- **WORK INSTRUCTION**
With the pictures set aside, write out all of the data exactly as it stands.

- **PROVIDED DATA**
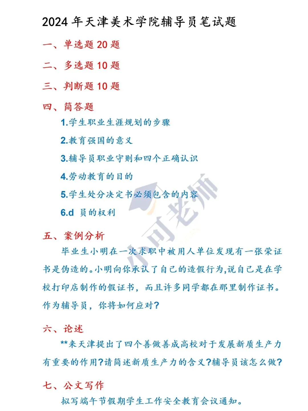 💕笔试题型:单选,多选,判断,简答,案例分析,论述,写作
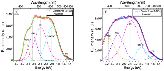 Figure 7b shows the PL spectra of the coated red and blue Si-NC films before thermal annealing. Coated red Si-NCs show a broad PL band with a maximum peak at ~650 nm and a less intense band at ~415 nm, while the coated blue Si-NC films emit an intense PL band with the main peak at ~410 nm and a very small secondary peak at ~800 nm.
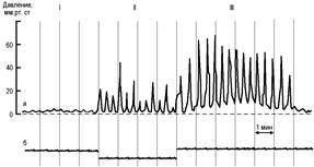 Рис. . Три типа волн сокращений желудка здорового человека (I—III) а — сокращения желудка; б — пневмограмма.[3]

- **RESPONSE TO THIS EXERCISE**
 💕笔试题型:单选,多选,判断,简答,案例分析,论述,写作
 Figure 7b shows the PL spectra of the coated red and blue Si-NC films before thermal annealing. Coated red Si-NCs show a broad PL band with a maximum peak at ~650 nm and a less intense band at ~415 nm, while the coated blue Si-NC films emit an intense PL band with the main peak at ~410 nm and a very small secondary peak at ~800 nm.
 Рис. . Три типа волн сокращений желудка здорового человека (I—III) а — сокращения желудка; б — пневмограмма.[3]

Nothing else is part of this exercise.